Катя в сладкой беседе совсем было собралась отвести свою душу перед Костей, но он, какой-то беспонятливый, взял и скомкал разговор и тем обидел ее.
— Вы, парни, все такие — только о себе, — сказала она с вызовом. — Именно свое гложет. Не приезжать бы… Все: я да я. Ты к матери присмотрись хорошенько — она все твои печали насквозь видит. Тоже потом не на вине, так на эгоизме перекосит. Колька Самоваров, можно сказать, совсем не пьет, а Клашка у него в подтирышах ходит. Тоже не светит девке. А была — на всю школу. Небось помнишь?
— Смазливая, точно. Да не нами сказано, Катя: у хорошей жены и муж что надо, — без сомнения заявил Костя и добавил: — И эгоист я, и с Колькой Самоваровым сравняла, а я пригласить пришел завтра на могилки. Уеду, может, тосковать по тебе стану. Я, Катя, по-солдатски, слов на ветер не бросаю.
— Оно и видно, — с едва скрытой усмешкой отозвалась Катя и совсем померкла.
Но Булавин увлекся ролью счастливого гостя и не заметил Катиной перемены. Ловко напоказ одной рукой обхватил коробку с гвоздями и бодро вышагал на крыльцо.
Катя осталась какая-то потерянная, и среди залежей неходовых товаров ей сделалось так одиноко, что слезы ослепили ее. Чтобы не расплакаться, стиснула зубы и взялась переставлять ящики с мылом, которые со дня привоза мешали ходить за прилавком.
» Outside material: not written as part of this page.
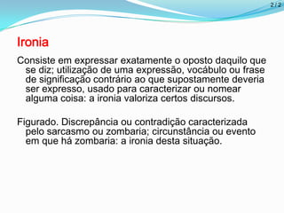 A ironia é uma figura de estilo que consiste em expressar o oposto do que se quer dizer, seja para caracterizar algo de forma sarcástica ou zombeteira, ou para enfatizar uma discrepância ou contradição de forma zombeteira.

Дело, однако, валилось из рук, потому что невысказанная и угнетенная ожиданиями душа ее плакала навзрыд. «Дура я, дура и есть, — начала она уговаривать себя, немного успокоившись. — Ну, зачем это молодому-то парню мои печали? У них теперь, глянешь, вся рожа в шерсти, а ума только что на футбол. До тридцати лет ходит в недоумках, а тут чего не передумано, душа, кажется, вся выболела. Боже мой… «И эгоист я». А что, не эгоист, что ли? «Пригласить пришел!» Так и разбежалась. Хоть бы послушал, постарался понять…»
В работе Катя немного забылась, но когда пришла домой, то опять стала думать о Косте, и, странно, уже не было на него сердца, а, наоборот, нахлынули мысли, оправдывающие его. Да разве это плохо, если он не пустослов, не балаболка. А сказал — верь ему. «Уеду, может, тосковать по тебе стану». Много ли сказал, а ты, Катя, думай. Думай, идти тебе завтра на могилки или не ходить. «Ой нет, идти надо. Да надо ли? Но поговорил бы, облегчил. А что изменится; в сетях я, в сетях. Не было еще такого. Вот она, кукушечка-то, пойди узнай, что накликала». Перед глазами Кати то и дело мелькала Костина разлапистая рука, обхватившая коробку с гвоздями, и хотелось со всей одолевшей силой нежности прижаться к этой руке. Чем больше Катя думала о нем, тем больше забывала себя, потому что предвидела свое безмолвие перед ним и радость своего смирения. Костя в это время, утомленный, бессонной ночью, спал на сеновале, а рядом с ним невыключенный транзистор наяривал песни о космосе.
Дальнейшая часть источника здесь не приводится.